The price of silver reverses Friday’s corrective bounce and displays a two-day downtrend.
Approaching bear cross on MACD, supported exchanging under 50-SMA keeps XAG/USD venders confident.
Silver merchants can keep 61.8% Fibonacci retracement on radar except if breaking $24.55 opposition.
Silver Value (XAG/USD) stays on the back foot around the intraday low of $23.45 heading into Tuesday’s European meeting.
In doing as such, the splendid metal drops for the second sequential day while expanding the U-abandon the 50-SMA, as well as remaining under a one-week-old slipping opposition line. The impending bear cross on the MACD indicator also favors the bright metal sellers.
With this, the Silver cost seems defenseless against retesting the month to month low of almost $23.30 set apart on Friday. The near $23.25 61.8% Fibonacci retracement level of the upside from March to May is also on the bears’ radar for the XAG/USD pair.
For a situation where the Silver cost stays negative past $23.25, the $23.00 could go about as the last guard of the purchasers.
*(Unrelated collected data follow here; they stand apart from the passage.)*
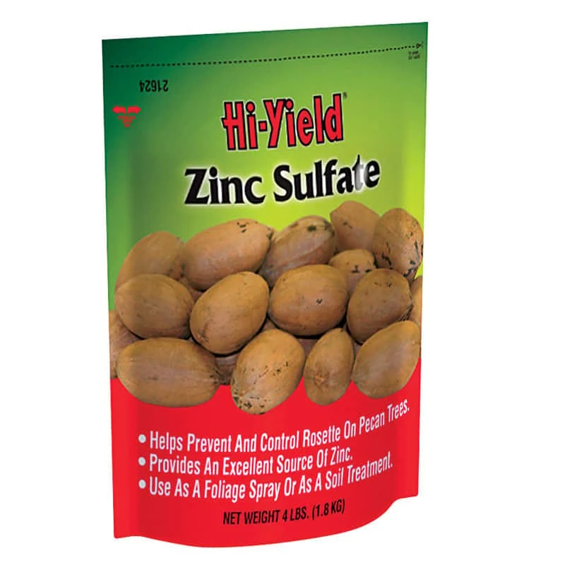 A dry formulation of zinc for application around fruit trees. Corrects deficiency that causes deformity of fruit, prevents and corrects rosette on Pecans. Provides an excellent source of zinc Use as a foliage spray or as a soil treatment Foliage spray 1 tablespoon per 3 gallons Soil treatment 1-3/4 lbs. per inch of diameter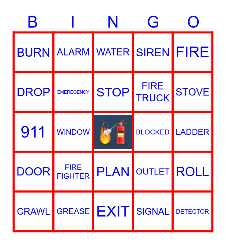 This bingo card has a free space and 26 words: PLAN, SIGNAL, STOP, GREASE, FIRE, BURN, DROP, ALARM, LADDER, OUTLET, FIRE TRUCK, 911, ROLL, CRAWL, WINDOW, SMOKE, SIREN, DOOR, WATER, DETECTOR, STOVE, EXIT, BLOCKED, FIRE FIGHTER, EMEREGENCY and EXTINGUISHER.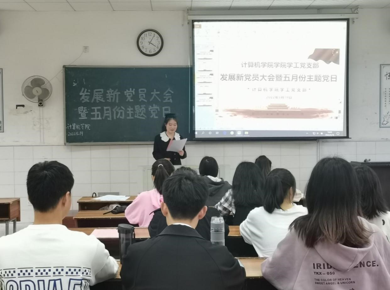 我院于2022年5月19日开展了发展新党员大会暨五月份主题党日活动。与会人员有学院党委书记刘立勇、党委副书记陈奕、学工党支部书记关红儒、学院团委书记叶晶、学工办老师付小霞、全体学生党员以及发展对象。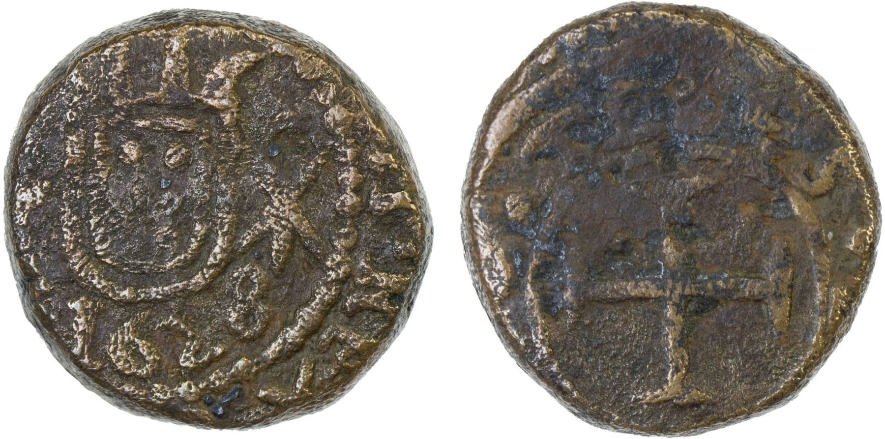 DIU: Filipe III, 1621-1640, AE bazaruco (7.16g), 1628, KM-Tn1, Gomes-01, also in the name of Antonio Telles, as duke, struck 1626-1628; porous surfaces but a nice strike with full date, F-VF, R.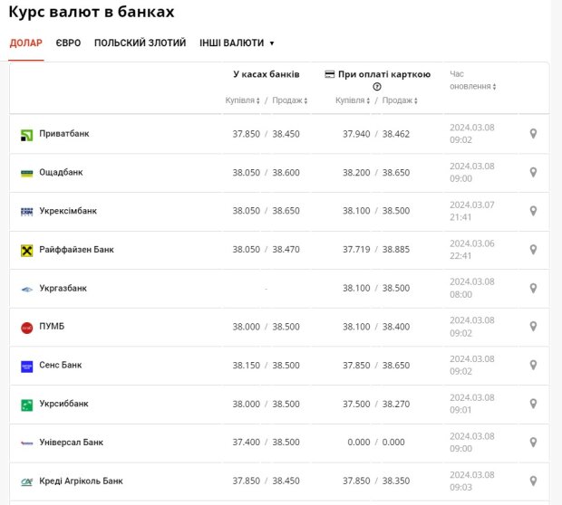 Валютні курси, що встановлені Національним банком України на сьогодні, 9 березня, мають наступні показники: курс долара США зараз дорівнює 38,0836 гривень за 1 долар. Курс євро наразі складає 41,4883 гривень за 1 євро.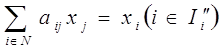 где aij– доза внесения минеральных удобрений i-го вида на 1 га j-ой культуры; xi - переменная по общей потребности в минеральных удобрениях i-го вида; Ii``- подмножество видов минеральных удобрений.

On the other hand, short-term recovery of the Silver price is restricted by the 50-SMA and one-week descending resistance line, which are close to $23.85 and $23.90, respectively.
Regardless of whether the brilliant metal remaining parts firmer past $23.90, the $24.00 round figure and a seven-week-old even obstruction region around $24.50-55 will be at the center of attention.
Overall, the bears are still watching the Silver price unless it crosses $24.55.